I spent 24 years grateful for the opportunity to serve alongside the most resilient, innovative, and dedicated professionals I have ever known. When people thanked me for my service, my response was always the same: "I am grateful I was given the opportunity to serve," because that opportunity was not always extended to everyone in our history.

You don't get to pick your team in the military. Your team consists of people from all different walks of life, different experiences, different thinking patterns, and different backgrounds, coming together in a singular belief that this country is worth fighting for. That diversity of thought, perspective, and cognitive approach isn't a burden to manage; it's the foundation of mission success. It's why the Navajo Code Talkers could create an unbroken cipher. It's why cryptanalysts with different ways of thinking solved the Enigma code. It's why the Tuskegee Airmen lost significantly fewer escorted bombers compared to other fighter groups.

I've come to understand, particularly in my work with neuroinclusion, that this diversity includes neurodiversity. Over 41,000 active duty service members have been diagnosed with ADHD. Tens of thousands more serve with autism, dyslexia, and other neurological differences. We're already there—in intelligence, cyber operations, engineering, and leadership positions. Many of us served successfully for years without formal diagnosis or accommodations because we didn't have a choice. We had a mission.

What we rarely talk about is that neurodiversity doesn't begin or end with the service member. Neurodivergence is highly inheritable; when a service member or veteran is neurodivergent, their children have a significantly higher likelihood of being neurodivergent themselves. Each month, about 1,000 military children receive diagnoses of autism. Between 2017 and 2022, an average of 124,000 military-connected children per year received ADHD treatment through the Military Health System. Military families navigate this alongside deployments, relocations, provider changes, and the unique stressors of service life.

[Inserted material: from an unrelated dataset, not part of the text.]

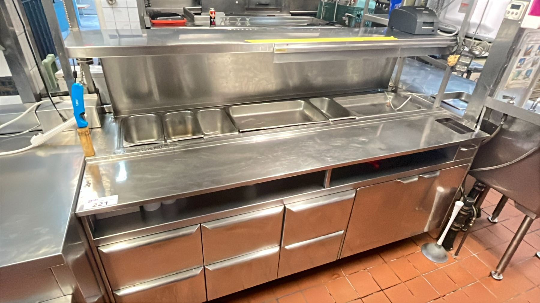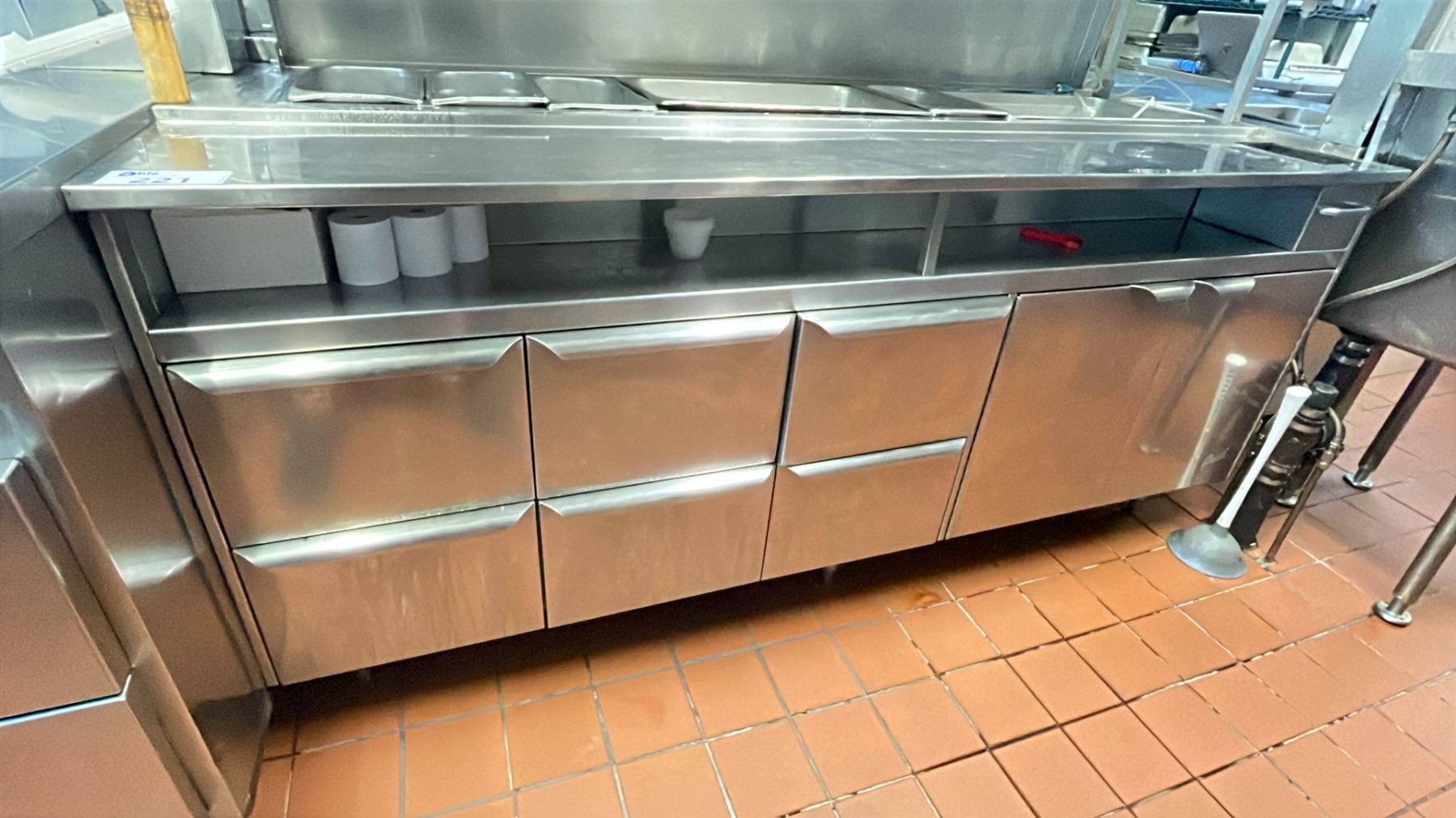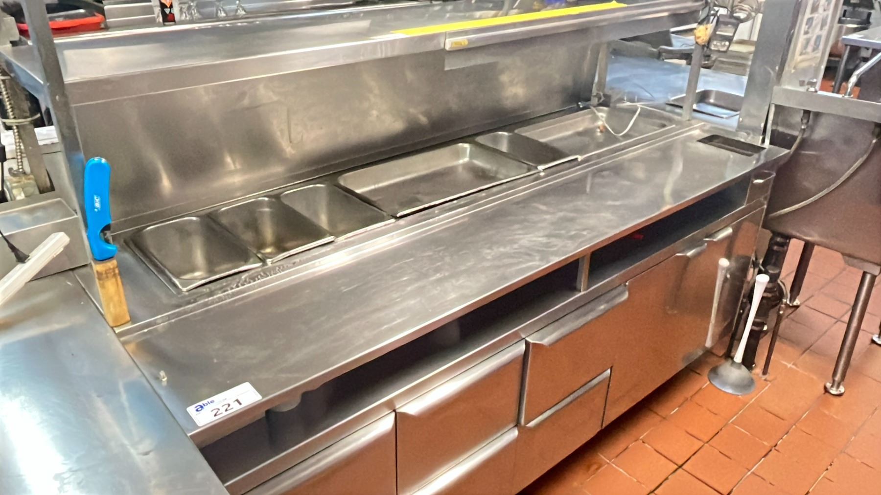 STAINLESS STEEL 7 DRAWER 2 DOOR COOLER PREP TABLE WITH METAL SHELVING ABOVE AND GLO RAY FOOD WARMER

This means many of us, as veterans, parents, and neurodivergent individuals, are now navigating the same diversity conversation on the home front that we understood intuitively in uniform. We know that different thinking patterns bring strength. We know that people from diverse backgrounds and with diverse neurologies are essential to solving hard problems. We know that inclusion isn't about charity—it's about capability.

As I step into my first Veterans Day as a civilian, my gratitude remains unchanged. I am grateful for the opportunity to have served. And I am equally grateful to carry that mission forward and to help build a world where neurodivergent individuals, veterans and non-veterans alike, families navigating neurodiversity, and people of all backgrounds are given the same opportunity I was: to contribute their unique strengths to something bigger than themselves.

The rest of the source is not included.